Ana C. Mafud,^a ^* Yvonne P. Mascarenhas ^a and Alessandro S. Nascimento ^a

^aInstituto de Física de São Carlos, Av. do Trab. Sãocarlense, 400, São Carlos, SP, Brazil
^*Correspondence e-mail: mafud@usp.br

(Received 7 March 2013; accepted 9 April 2013; online 20 April 2013)

In the title compound, C₁₀H₁₀N₄O₂S₂, the tetrazole and benzene rings are almost normal to one another, with a dihedral angle between their planes of 84.33 (9)°. In the crystal, molecules are linked via pairs of bifurcated O—H⋯(N,N) hydrogen bonds, forming inversion dimers with graph-set motif R₄⁴(12). The dimers are linked by significant π–π interactions involving inversion-related tetrazole rings and inversion-related benzene rings, with centroid–centroid distances of 3.7376 (14) and 3.8444 (15) Å, respectively.

Related literature

For details of the ZINC database, see: Irwin et al. (2012 ).
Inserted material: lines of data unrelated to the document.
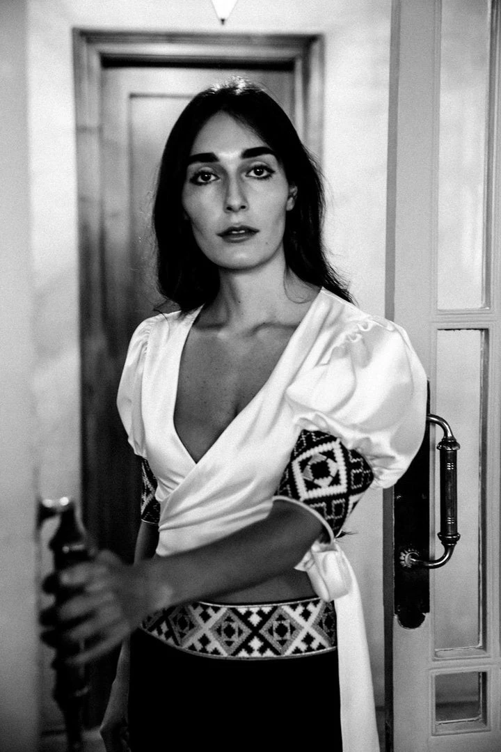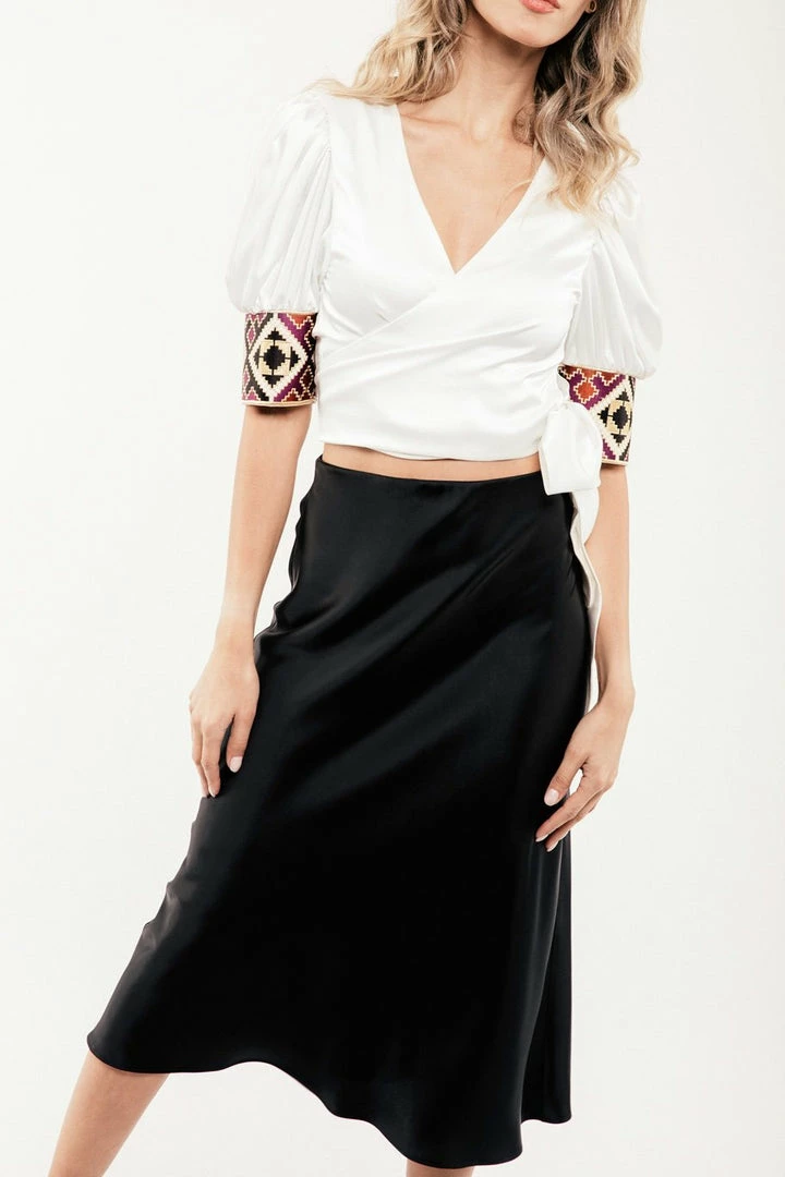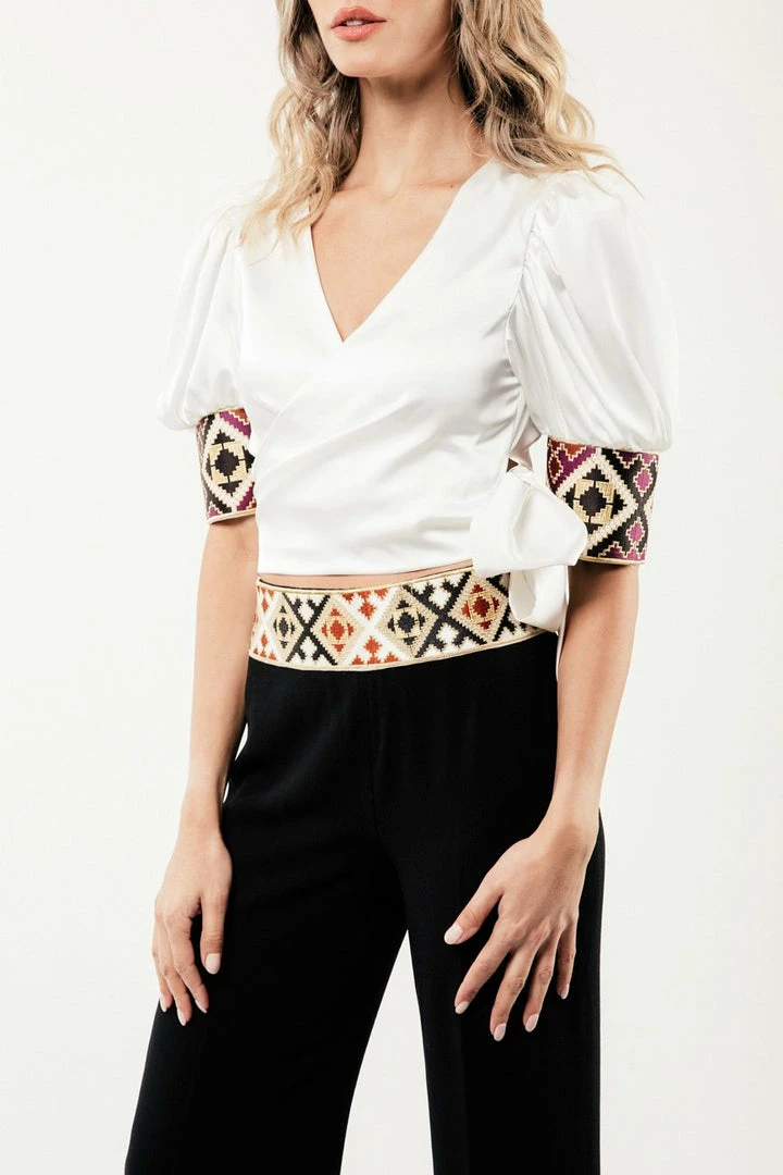 Our hip-length crepe wrap top features a V-Neck with a crossover front. The waist-defining cut is both feminine and flattering while the puffed sleeves further accentuate the cinched waist. Style with our Slip Skirt, any Tuxedo pant, or even a ball skirt.
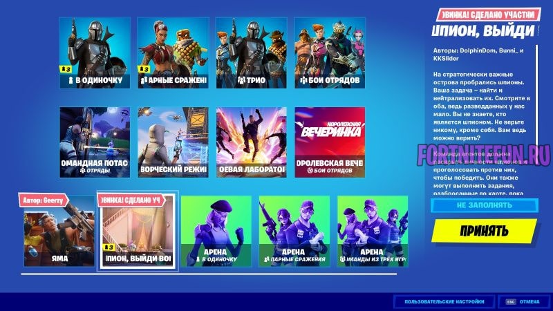 Чтобы выполнить данное испытание, откройте выбор режимов и тыкните на «Шпион, выйди вон». Далее начинайте игру и все матчи, что вы там сыграете, пойдут в копилку в выполнении данного испытания.
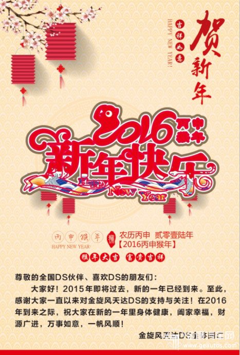 这一年,是感恩的2015、精彩的2015、辛勤的2015、硕果累累的2015,有激动也有欢笑,这一切都是属于金旋风天达DS所有车主及家人、伙伴们的2015,带着微笑,带着回忆的2015已经远去了。 对于已经到来的2016,希望我们DS这个大家族有个好的开始,我们共同进步、共同发展,向着美好的明天前进,也希望广大车主朋友们继续支持我们。金旋风天达DS全体工作人员必将全力以赴、奋战到底!
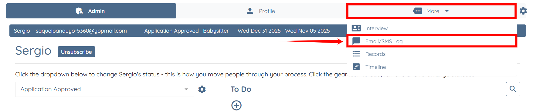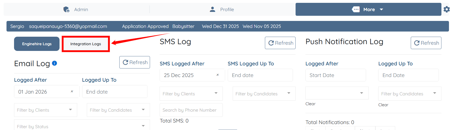Step 10: Click More, then select Email/SMS Log, as shown in the screenshot below.
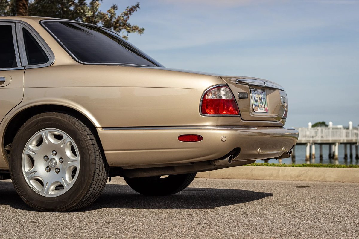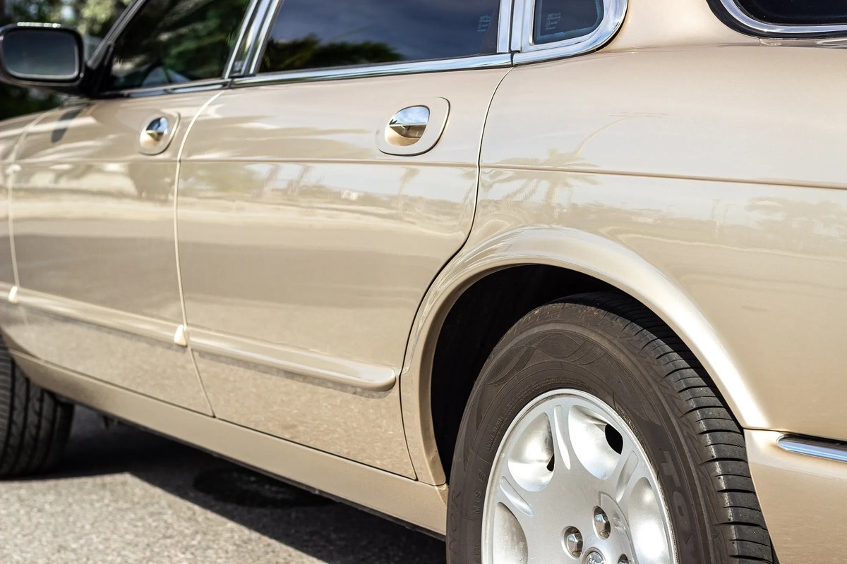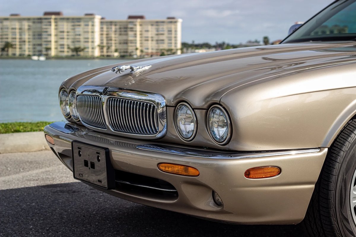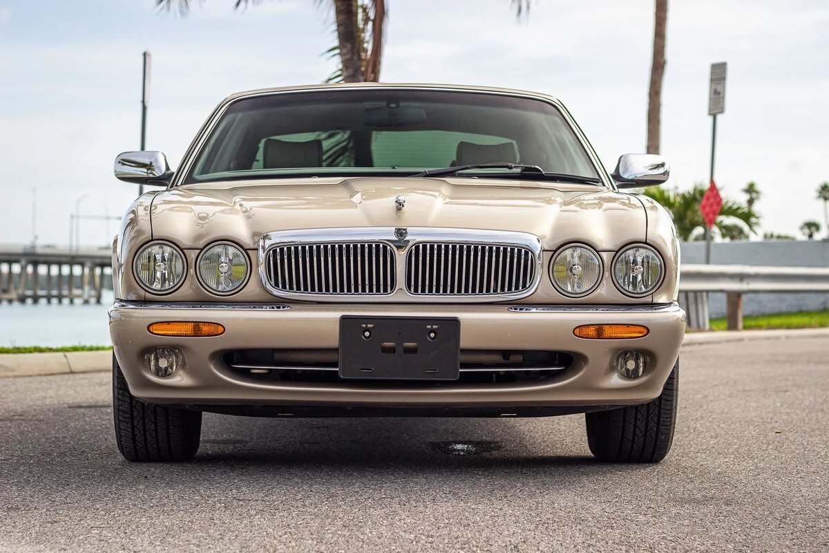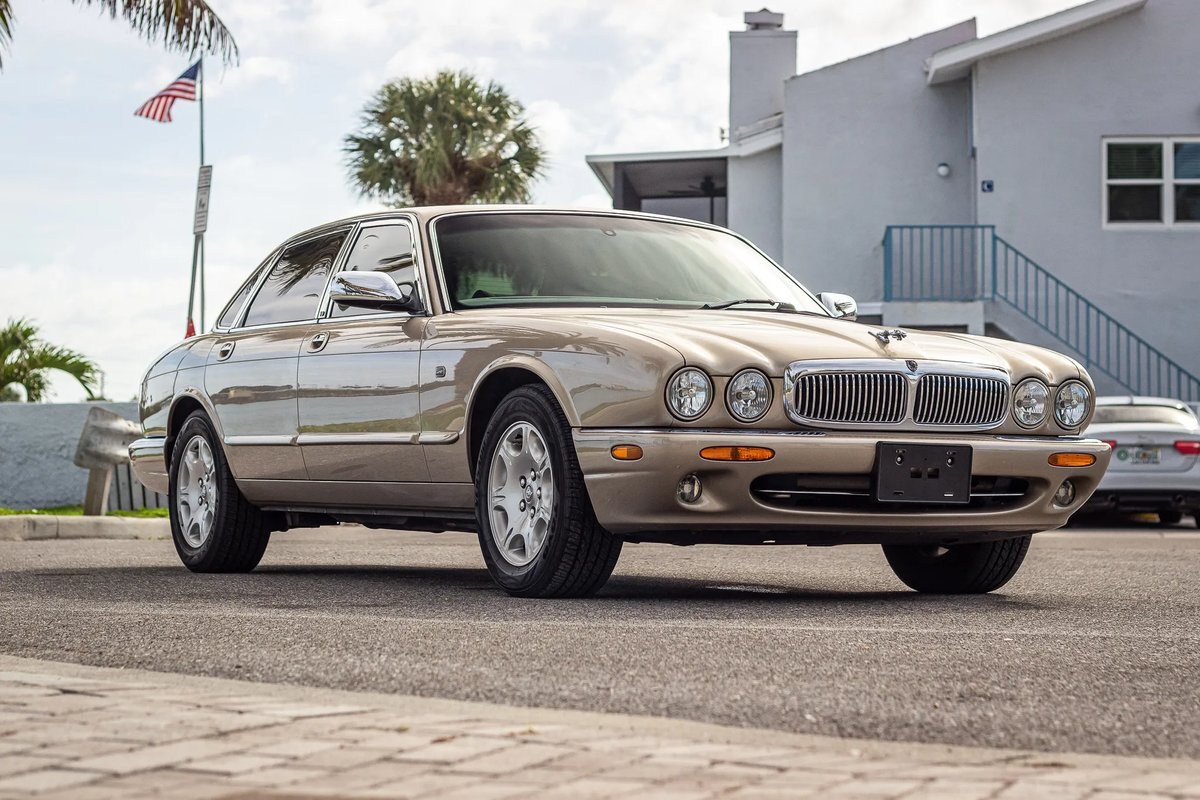 his 2003 Jaguar XJ8 is said to have remained within a single family in California from new until 2022. It is finished in Topaz over Oatmeal leather and is powered by a 4.0-liter V8 paired with a five-speed automatic transmission. Equipment includes a power-operated sunroof, heated power-adjustable front seats, automatic climate control, cruise control, rear parking sensors, heated rear seats, and auto-dimming mirrors. This XJ8 has 64k miles and is now offered with two keys with fobs, and a clean Carfax report.

For information on the biological properties of tetrazoles, see: Kees et al. (1989 ); Nolte et al. (1998 ); Mafud & Nascimento (2013 ).

Experimental

Crystal data

C₁₀H₁₀N₄O₂S₂
M_r = 282.34
Triclinic, $[P \overline 1]$
a = 7.1500 (3) Å
b = 8.3770 (3) Å
c = 11.0890 (5) Å
α = 74.7480 (14)°
β = 79.3090 (14)°
γ = 86.286 (3)°
V = 629.58 (4) Å³
Z = 2
Mo Kα radiation
μ = 0.42 mm⁻¹
T = 290 K
0.1 × 0.05 × 0.05 mm

Data collection

Bruker–Nonius KappaCCD diffractometer
Absorption correction: for a cylinder mounted on the φ axis (Dwiggins, 1975 ) T_min = 0.861, T_max = 0.862
15888 measured reflections
2335 independent reflections
1879 reflections with I > 2σ(I)
R_int = 0.079

Refinement

R[F² > 2σ(F²)] = 0.051
wR(F²) = 0.15
S = 1.04
2335 reflections
167 parameters
H atoms treated by a mixture of independent and constrained refinement
Δρ_max = 0.50 e Å⁻³
Δρ_min = −0.30 e Å⁻³

Table 1
Hydrogen-bond geometry (Å, °)

D—H⋯A	D—H	H⋯A	D⋯A	D—H⋯A
O1—H1⋯N1ⁱ	0.81 (4)	2.15 (4)	2.952 (4)	176 (4)
O1—H1⋯N2ⁱ	0.81 (4)	2.51 (4)	3.232 (4)	149 (4)
Symmetry code: (i) -x+1, -y, -z.

Data collection: COLLECT (Nonius, 1999 ); cell refinement: SCALEPACK (Otwinowski & Minor, 1997 ); data reduction: DENZO (Otwinowski & Minor, 1997) and SCALEPACK; program(s) used to solve structure: SIR92 (Altomare et al., 1994 ); program(s) used to refine structure: SHELXL97 (Sheldrick, 2008 ); molecular graphics: ORTEP-3 for Windows (Farrugia, 2012 ) and Mercury (Macrae et al., 2008 ); software used to prepare material for publication: WinGX (Farrugia, 2012).

Supporting information

Crystal structure: contains datablocks global, I. DOI: https://doi.org/10.1107/S160053681300980X/su2571sup1.cif

Structure factors: contains datablock I. DOI: https://doi.org/10.1107/S160053681300980X/su2571Isup2.hkl

Supporting information file. DOI: https://doi.org/10.1107/S160053681300980X/su2571Isup3.cml

checkCIF report

Comment top

The title acid is a screening molecule available in the ZINC database (Irwin et al., 2012) among the 'drugs-now' subset. This molecule has been identified as a PPAR gamma ligand candidate in a virtual screening study. The peroxisome proliferator-activated receptors, isoform gamma, are a transcription factors whom regulating the genes expression (Nolte et al., 1998). The binding was further confirmed in experimental binding assays (Mafud et al., 2013). Since tetrazoles are already known to have glucose lowering effects in vivo (Kees et al., 1989), in this virtual screening we chose some different representative molecules to evaluate the affinities and the extent of receptor activation. We report herein on the crystal structure of the title compound.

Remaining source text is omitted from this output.